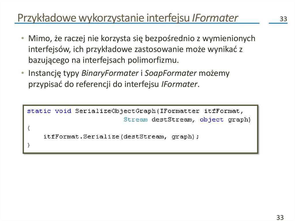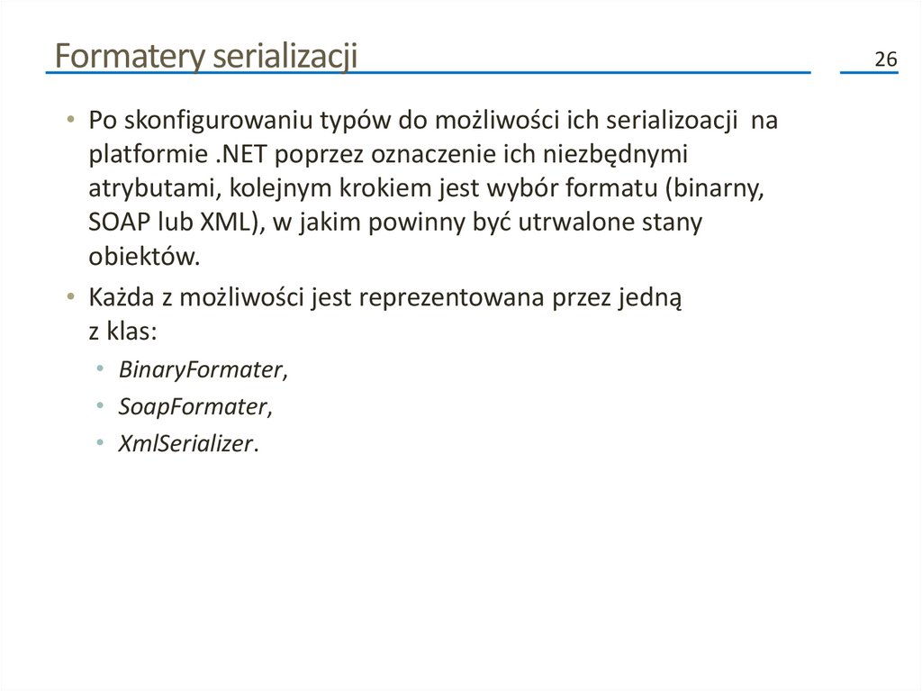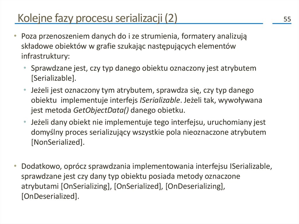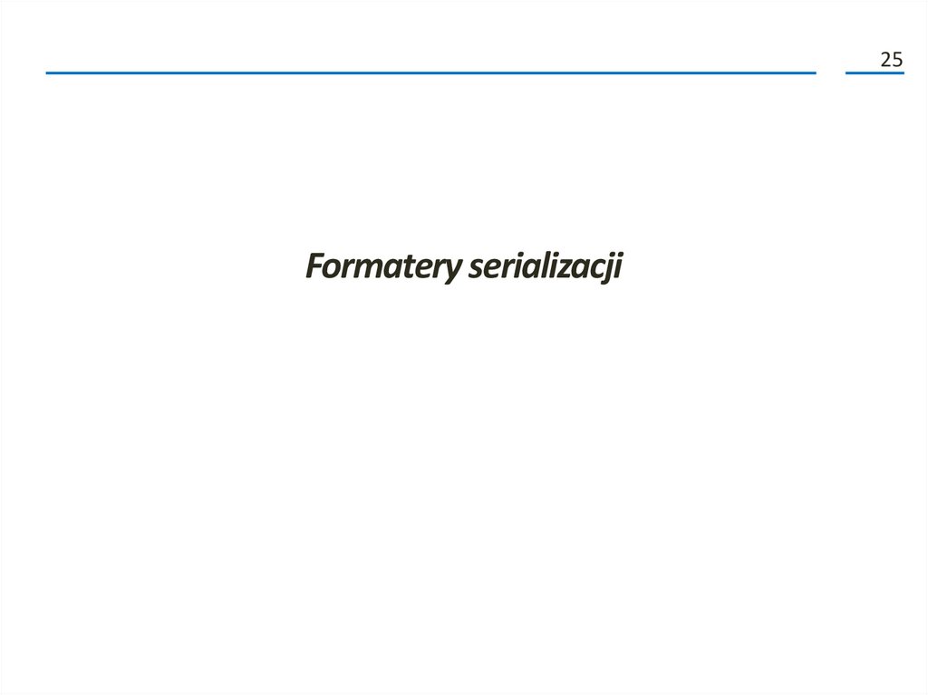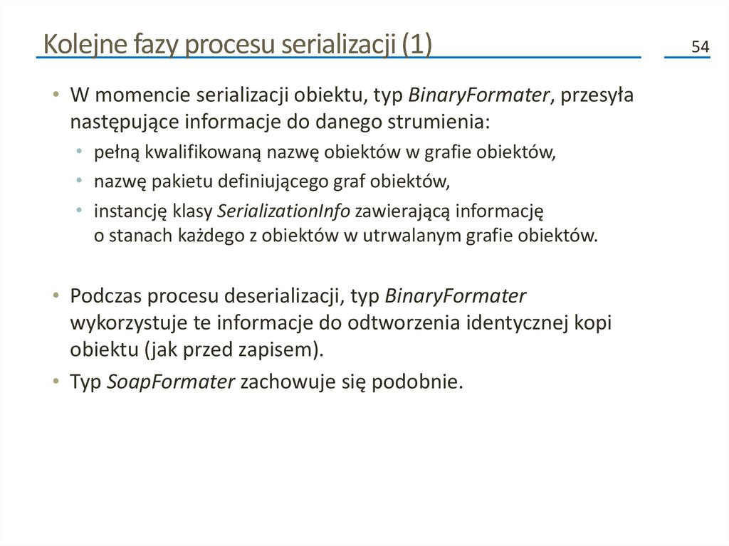 Kolejne fazy procesu serializacji (2)• Poza przenoszeniem danych do i ze strumienia, formatery analizują
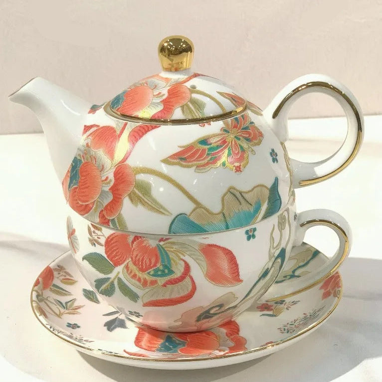 Belle et raffinée, cette Jolie Théière en Porcelaine est un service à thé individuel appelé tea for one en Angleterre ou théière solitaire ou égoïste en France. L'ensemble à thé est composé de la théière, la tasse et la soucoupe. La céramique neutre et sans mémoire autorise tous les types d'infusions sans mélange des saveur.
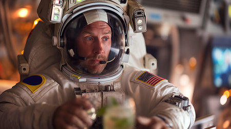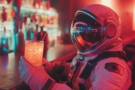 Astronaut in space suit and helmet holding a cocktail in a nightclub.
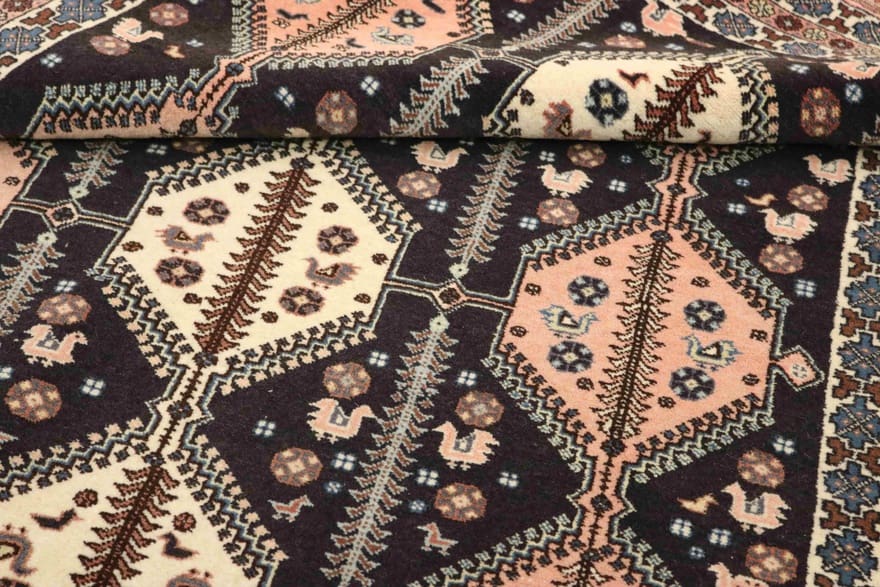 Hochwertiger Ghudjan Teppich | Knotendichte: 320.000 – 360.000 Knoten/m² | Material: 100 % handgesponnene Wolle | Größe: 169×121 cm | Farbe: Schwarz/Grau | Zustand: Neu | Herkunft: Handgefertigt in Iran/Persien | Pflege: Regelmäßiges Staubsaugen empfohlen
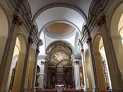 El interior presenta tres naves intercomunicadas por arcos de medio punto, con cabecera plana y transepto con cúpula, así como capillas laterales. La nave central es de mayores dimensiones que las laterales y está cubierta por bóvedas de medio punto, con arcos torales que se sostienen sobre pilares cuadrados de orden corintio. Las naves laterales están cubiertas con bóvedas vaídas. El crucero está coronado por una cúpula sobre conchas sin tambor. El presbiterio es de cabecera plana, a ambos lados del cual hay dos capillas.[5]
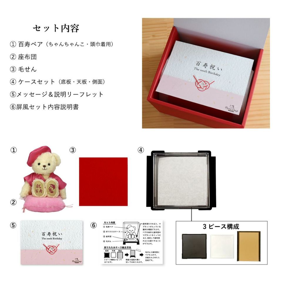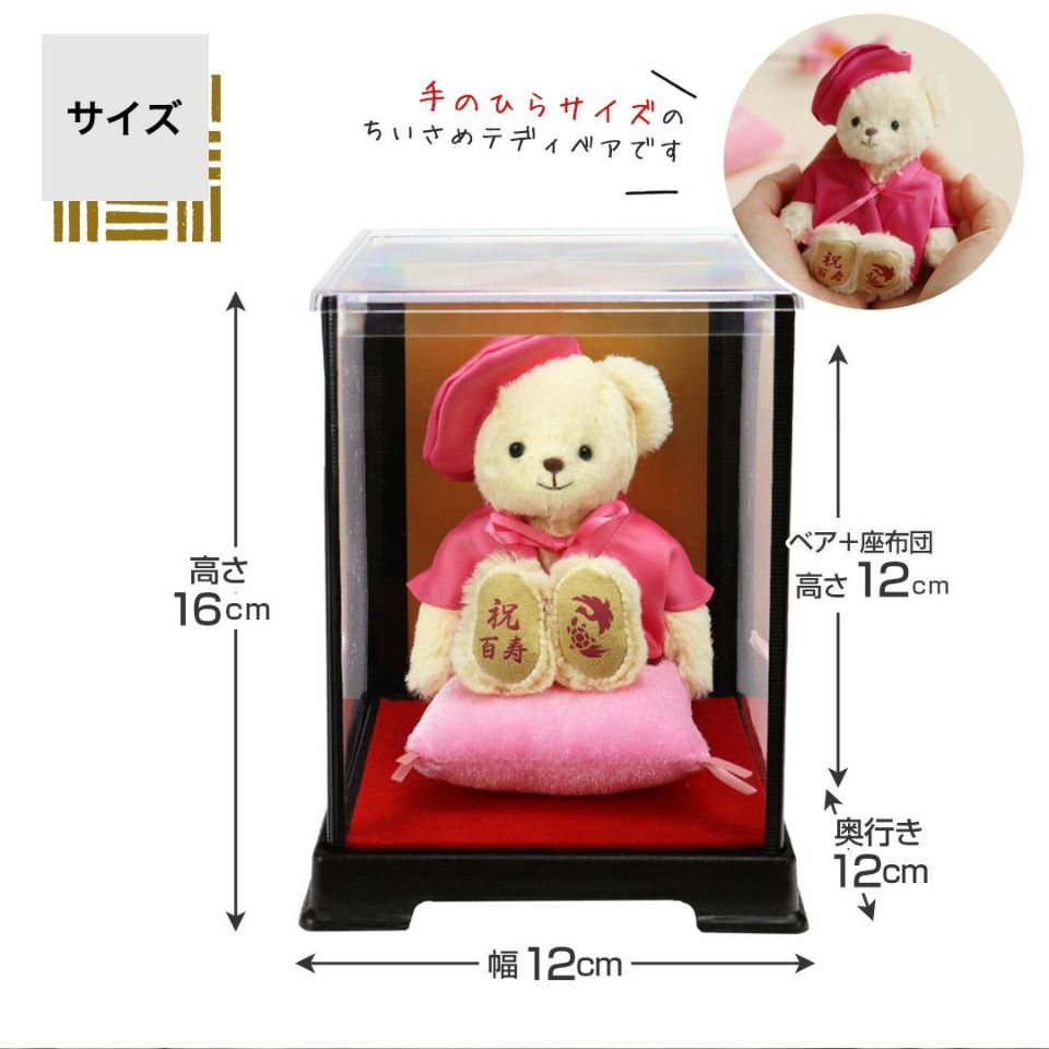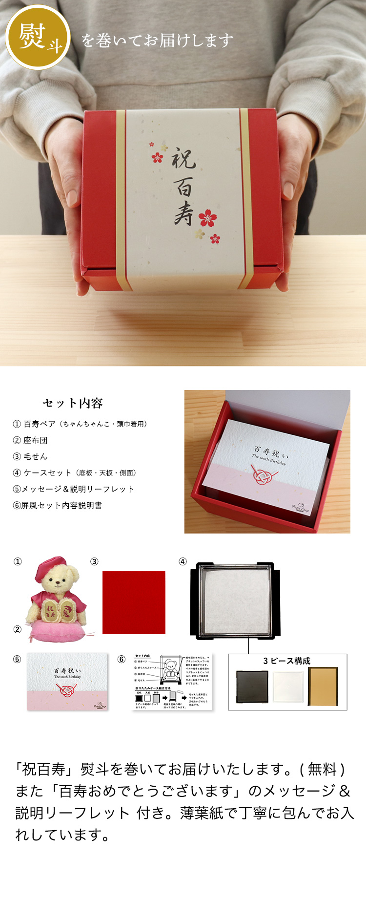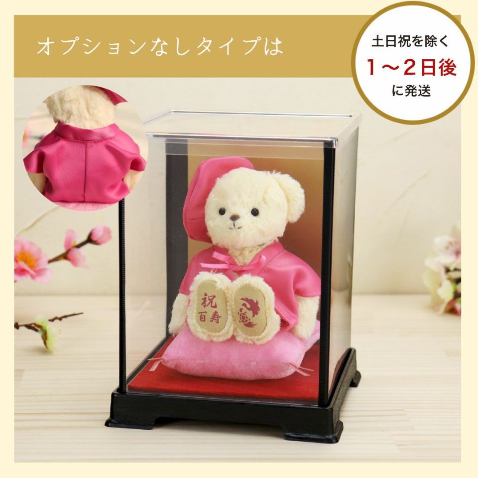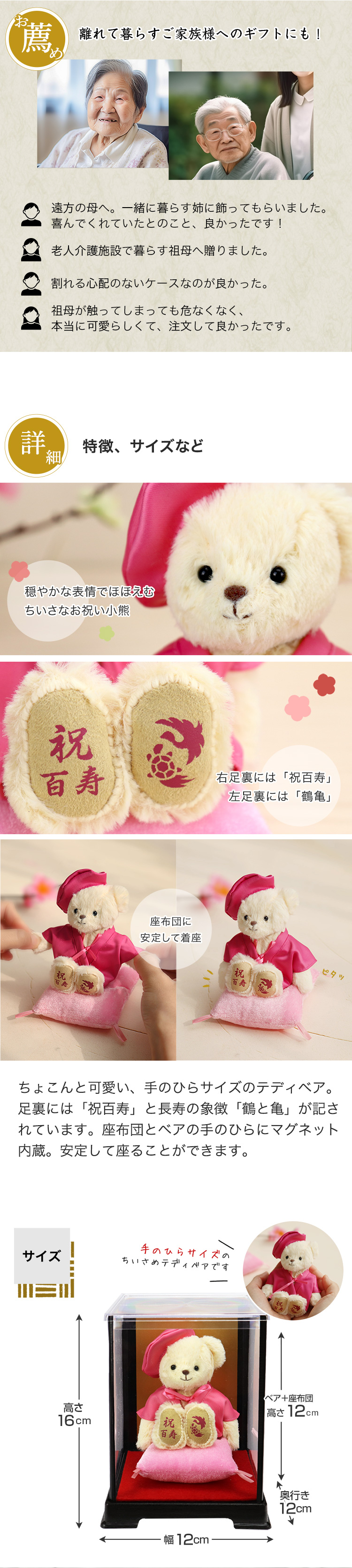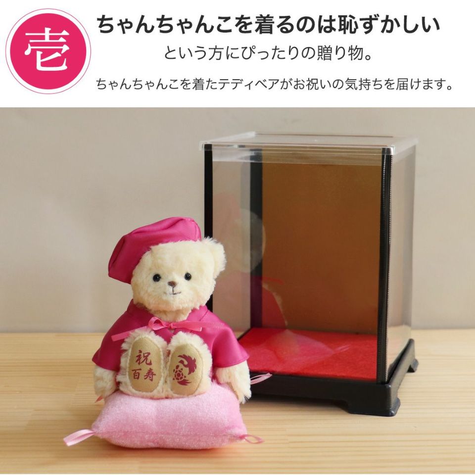 百寿(100歳)を迎えるご長寿のおじいちゃんおばあちゃんへ! かわいい表情の当店人気No.1テディベア。桃色のちゃんちゃんこを着てちょこんとお座り! 玄関などに気兼ねなく飾れるちょうどいいコンパクトサイズなのも魅力のひとつ。 ホコリや汚れから守り、清潔に保てるケース付き。背面が金張りになっている華やかな折りたたみ式プラスチックケース。 しっかりした赤いギフト箱に百寿専用の熨斗付きパッケージでそのままお渡しできます。特別な節目だからこそ、日頃の感謝を込めて家族で100歳のご長寿をお祝いしましょう。
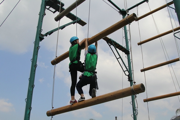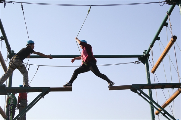 在短暂的分组、热身之后,上午9时许,户外素拓活动正式开始。同学们挑战的首个项目是“跳断桥”。虽然只需跨越一米四左右的距离,但对于处在8米高空上的同学来说,这实是不小的挑战。站在8米的高空俯视,不少同学表示心跳骤增,双腿瘫软,惶悚殊甚。“我当时害怕极了,但当我听到底下伙伴们的加油声,看到对面教练宽阔的大手,我顿时心安了不少,而我只管咬咬牙,两眼一闭,跳过去就好。”一位同学如此分享道,“这个项目让我明白,有时候,我们需要一个人前行,这需要一份勇气,但是请记住,这绝不是单枪匹马,你不是一个人在战斗。”这是今天活动的第一课。
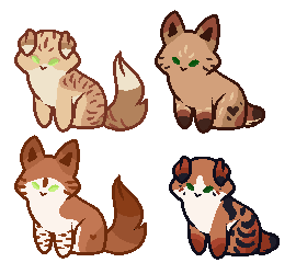 Kits B, C, and D are open for offers until the 8th, and if they don't find other homes before then, I will keep them. I'll probably be picky about where they go, but you can offer art, loners, rogues, kittypets, points... Whatever floats your boat.
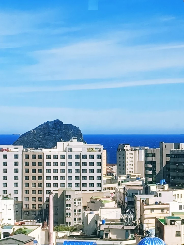 짙은 해무로 가려졌거나, 거친 폭우로 잠시 숨었다면 날씨 들기 기다리면 되지만 앞 건물에 완전 잠식당해 버릴 섶섬.
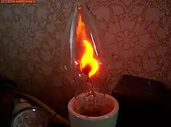 Flackerkerzen sind Leuchtmittel, die das flackernde Licht von Kerzen imitieren. Dabei handelt es sich um speziell konstruierte Glimmlampen mit vergrößerter Oberfläche der Kathode. Diese besteht aus teilweise oxidiertem, ungereinigtem Eisenblech, weshalb das Glimmlicht die Kathodenfläche nur teilweise bedeckt. Die durch den Kathodenfall beschleunigten positiven Ionen treffen lokal begrenzt auf die Kathode und verändern deren Oberfläche. Das ändert die Brennspannung geringfügig, worauf sich die Glimmentladung zu einer anderen Fläche mit geringerer Brennspannung verlagert. Bei normalen Glimmlampen werden die Eisenelektroden durch Kathodenzerstäubung gereinigt, bevor die Lampe fertiggestellt wird. Deshalb ist dort das Glimmlicht auch gleichmäßig verteilt.
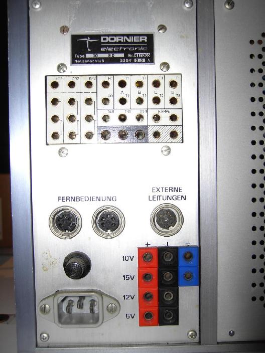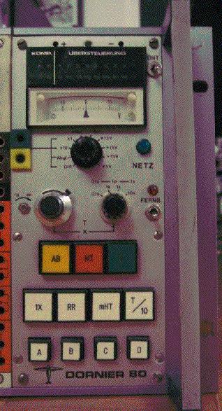 The picture on the right shows the more modern variant of the operator control panel which is more or less identical to the older version apart from the fact that a digital four digit voltmeter is used instead of the former compensation voltmeter. Note: When you ever encounter weird readings on this digital instrument be sure to check the +5 V supply for ripple and for correct setting. The voltmeter is quite sensitive to this! |
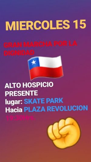 Una masiva marcha por la Dignidad, en el contexto de las movilizaciones, se realizará este miércoles 15 en la comuna de Alto Hospicio, con... Gran Marcha por la Dignidad en Alto Hospicio, desde el Skate Park del sector de La Pampa, a la Plaza Belén

***

■ TASK GOAL:
Copy out every line of the data exactly, leaving the images behind.

■ REPLY:
 Kolejne fazy procesu serializacji (2)• Poza przenoszeniem danych do i ze strumienia, formatery analizują
 Belle et raffinée, cette Jolie Théière en Porcelaine est un service à thé individuel appelé tea for one en Angleterre ou théière solitaire ou égoïste en France. L'ensemble à thé est composé de la théière, la tasse et la soucoupe. La céramique neutre et sans mémoire autorise tous les types d'infusions sans mélange des saveur.
 Astronaut in space suit and helmet holding a cocktail in a nightclub.
 Hochwertiger Ghudjan Teppich | Knotendichte: 320.000 – 360.000 Knoten/m² | Material: 100 % handgesponnene Wolle | Größe: 169×121 cm | Farbe: Schwarz/Grau | Zustand: Neu | Herkunft: Handgefertigt in Iran/Persien | Pflege: Regelmäßiges Staubsaugen empfohlen
 El interior presenta tres naves intercomunicadas por arcos de medio punto, con cabecera plana y transepto con cúpula, así como capillas laterales. La nave central es de mayores dimensiones que las laterales y está cubierta por bóvedas de medio punto, con arcos torales que se sostienen sobre pilares cuadrados de orden corintio. Las naves laterales están cubiertas con bóvedas vaídas. El crucero está coronado por una cúpula sobre conchas sin tambor. El presbiterio es de cabecera plana, a ambos lados del cual hay dos capillas.[5]
 百寿(100歳)を迎えるご長寿のおじいちゃんおばあちゃんへ! かわいい表情の当店人気No.1テディベア。桃色のちゃんちゃんこを着てちょこんとお座り! 玄関などに気兼ねなく飾れるちょうどいいコンパクトサイズなのも魅力のひとつ。 ホコリや汚れから守り、清潔に保てるケース付き。背面が金張りになっている華やかな折りたたみ式プラスチックケース。 しっかりした赤いギフト箱に百寿専用の熨斗付きパッケージでそのままお渡しできます。特別な節目だからこそ、日頃の感謝を込めて家族で100歳のご長寿をお祝いしましょう。
 在短暂的分组、热身之后,上午9时许,户外素拓活动正式开始。同学们挑战的首个项目是“跳断桥”。虽然只需跨越一米四左右的距离,但对于处在8米高空上的同学来说,这实是不小的挑战。站在8米的高空俯视,不少同学表示心跳骤增,双腿瘫软,惶悚殊甚。“我当时害怕极了,但当我听到底下伙伴们的加油声,看到对面教练宽阔的大手,我顿时心安了不少,而我只管咬咬牙,两眼一闭,跳过去就好。”一位同学如此分享道,“这个项目让我明白,有时候,我们需要一个人前行,这需要一份勇气,但是请记住,这绝不是单枪匹马,你不是一个人在战斗。”这是今天活动的第一课。
 Kits B, C, and D are open for offers until the 8th, and if they don't find other homes before then, I will keep them. I'll probably be picky about where they go, but you can offer art, loners, rogues, kittypets, points... Whatever floats your boat.
 짙은 해무로 가려졌거나, 거친 폭우로 잠시 숨었다면 날씨 들기 기다리면 되지만 앞 건물에 완전 잠식당해 버릴 섶섬.
 Flackerkerzen sind Leuchtmittel, die das flackernde Licht von Kerzen imitieren. Dabei handelt es sich um speziell konstruierte Glimmlampen mit vergrößerter Oberfläche der Kathode. Diese besteht aus teilweise oxidiertem, ungereinigtem Eisenblech, weshalb das Glimmlicht die Kathodenfläche nur teilweise bedeckt. Die durch den Kathodenfall beschleunigten positiven Ionen treffen lokal begrenzt auf die Kathode und verändern deren Oberfläche. Das ändert die Brennspannung geringfügig, worauf sich die Glimmentladung zu einer anderen Fläche mit geringerer Brennspannung verlagert. Bei normalen Glimmlampen werden die Eisenelektroden durch Kathodenzerstäubung gereinigt, bevor die Lampe fertiggestellt wird. Deshalb ist dort das Glimmlicht auch gleichmäßig verteilt.
 The picture on the right shows the more modern variant of the operator control panel which is more or less identical to the older version apart from the fact that a digital four digit voltmeter is used instead of the former compensation voltmeter. Note: When you ever encounter weird readings on this digital instrument be sure to check the +5 V supply for ripple and for correct setting. The voltmeter is quite sensitive to this! |
 Una masiva marcha por la Dignidad, en el contexto de las movilizaciones, se realizará este miércoles 15 en la comuna de Alto Hospicio, con... Gran Marcha por la Dignidad en Alto Hospicio, desde el Skate Park del sector de La Pampa, a la Plaza Belén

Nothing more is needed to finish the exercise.